Code and model can be downloaded
https://github.com/sunnyHelen/JPerceiver. As shown in the figure, JPerceiver consists of three networks: depth, attitude and road layout, all based on the encoder-decoder architecture. The depth network aims to predict the depth map Dt of the current frame It, where each depth value represents the distance between a 3D point and the camera. The goal of the pose network is to predict the pose transformation Tt → t m between the current frame It and its adjacent frame It m. The goal of the road layout network is to estimate the BEV layout Lt of the current frame, that is, the semantic occupancy of roads and vehicles in the top-view Cartesian plane. The three networks are jointly optimized during training.
#The two networks predicting depth and pose are jointly optimized with photometric loss and smoothness loss in a self-supervised manner. In addition, the CGT scale loss is also designed to solve the scale ambiguity problem of monocular depth and VO estimation.
In order to achieve scale-aware environment perception, using the scale information in the BEV layout, the scale loss of CGT is proposed for depth estimation and VO. Since the BEV layout shows the semantic occupancy in the BEV Cartesian plane, it covers the range of Z meters in front of the vehicle and (Z/2) meters to the left and right respectively. It provides a natural distance field z, the metric distance zij of each pixel relative to the own vehicle, as shown in the figure:
Assume that the BEV plane is the ground , its origin is just below the origin of the self-vehicle coordinate system. Based on the camera external parameters, the BEV plane can be projected to the forward camera through homography transformation. Therefore, the BEV distance field z can be projected into the forward camera, as shown in the figure above, and used to adjust the predicted depth d, thus deriving the CGT scale loss:
For roads For layout estimation, an encoder-decoder network structure is adopted. It is worth noting that a shared encoder is used as a feature extractor and different decoders to learn the BEV layout of different semantic categories simultaneously. In addition, a CCT module is designed to enhance feature interaction and knowledge transfer between tasks, and provide 3-D geometric information for BEV’s spatial reasoning. In order to regularize the road layout network, various loss terms are combined together to form a hybrid loss and achieve different classes of balanced optimization.
CCT studies the correlation between the forward view feature Ff, BEV layout feature Fb, re-converted forward feature Ff′ and forward depth feature FD, and refines the layout features accordingly, as shown in the figure Shown: divided into two parts, namely
CCT-CVand CCT-CM of the cross-view module and the cross-modal module.
In CCT, Ff and Fd are extracted by the encoder of the corresponding perceptual branch, while Fb is obtained by a view projection MLP to convert Ff to BEV, and a cycle loss constrained same MLP to re-convert it to Ff′.
In CCT-CV, the cross-attention mechanism is used to discover the geometric correspondence between the forward view and BEV features, and then guides the refinement of the forward view information and prepares for BEV inference.
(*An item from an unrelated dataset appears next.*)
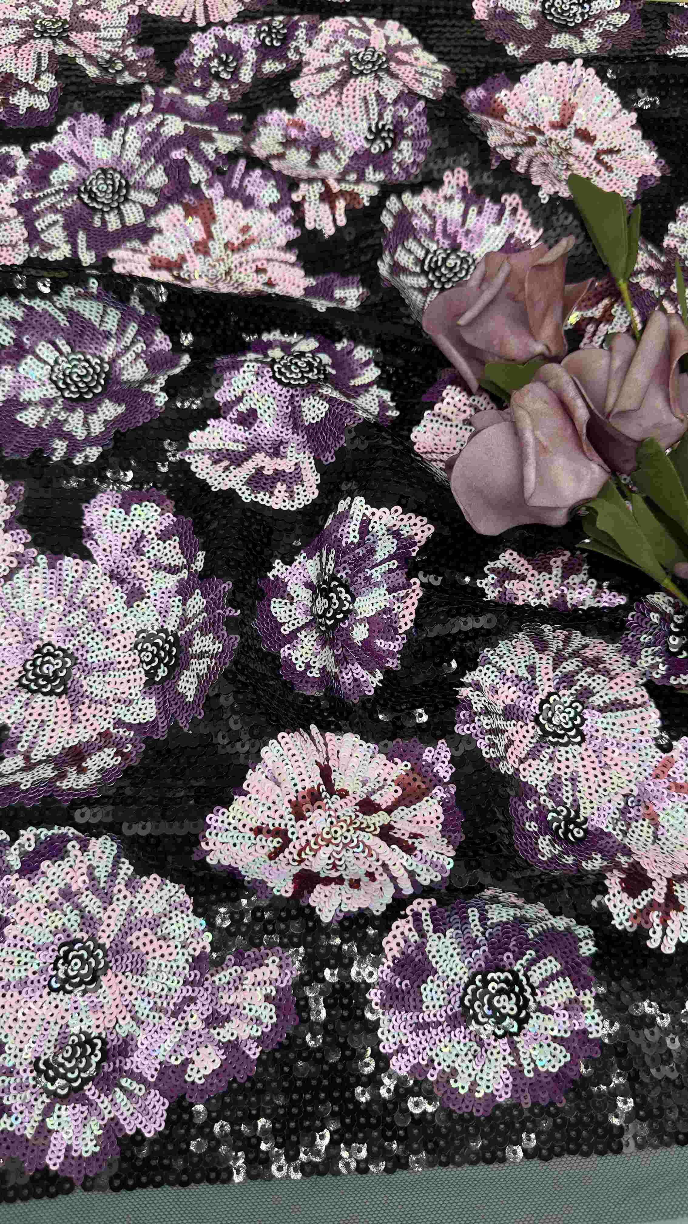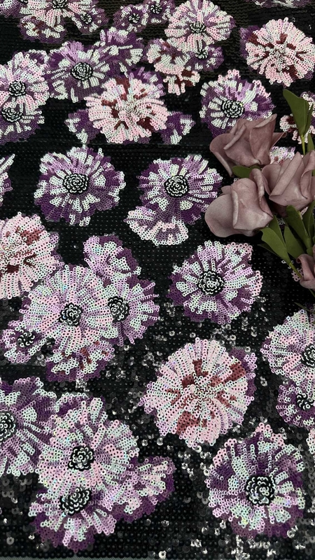 Nom de la production | Tissus brodés en paillettes de fleurs |

In order to make full use of the forward view image features, Fb and Ff are projected to patches: Qbi and Kbi, as query and key respectively.
In addition to utilizing forward view features, CCT-CM is also deployed to impose 3-D geometric information from Fd. Since Fd is extracted from the forward view image, it is reasonable to use Ff as a bridge to reduce the cross-modal gap and learn the correspondence between Fd and Fb. Fd plays the role of Value, thereby obtaining valuable 3-D geometric information related to BEV information and further improving the accuracy of road layout estimation.
In the process of exploring a joint learning framework to simultaneously predict different layouts, there are large differences in the characteristics and distribution of different semantic categories. For features, the road layout in driving scenarios usually needs to be connected, while different vehicle targets must be segmented.
Regarding the distribution, more straight road scenes are observed than turning scenes, which is reasonable in real data sets. This difference and imbalance increase the difficulty of BEV layout learning, especially jointly predicting different categories, since simple cross-entropy (CE) loss or L1 loss fails in this case. Several segmentation losses, including distribution-based CE loss, region-based IoU loss, and boundary loss, are combined into a hybrid loss to predict the layout of each category.
The experimental results are as follows:
##
The above is the detailed content of Perception network for depth, attitude and road estimation in joint driving scenarios. For more information, please follow other related articles on the PHP Chinese website!

Hot AI Tools

Undresser.AI Undress
AI-powered app for creating realistic nude photos

AI Clothes Remover
Online AI tool for removing clothes from photos.

Undress AI Tool
Undress images for free

Clothoff.io
AI clothes remover

AI Hentai Generator
Generate AI Hentai for free.

Hot Article

Hot Tools

Notepad++7.3.1
Easy-to-use and free code editor

SublimeText3 Chinese version
Chinese version, very easy to use

Zend Studio 13.0.1
Powerful PHP integrated development environment

Dreamweaver CS6
Visual web development tools

SublimeText3 Mac version
God-level code editing software (SublimeText3)

Hot Topics



Written above & the author’s personal understanding Three-dimensional Gaussiansplatting (3DGS) is a transformative technology that has emerged in the fields of explicit radiation fields and computer graphics in recent years. This innovative method is characterized by the use of millions of 3D Gaussians, which is very different from the neural radiation field (NeRF) method, which mainly uses an implicit coordinate-based model to map spatial coordinates to pixel values. With its explicit scene representation and differentiable rendering algorithms, 3DGS not only guarantees real-time rendering capabilities, but also introduces an unprecedented level of control and scene editing. This positions 3DGS as a potential game-changer for next-generation 3D reconstruction and representation. To this end, we provide a systematic overview of the latest developments and concerns in the field of 3DGS for the first time.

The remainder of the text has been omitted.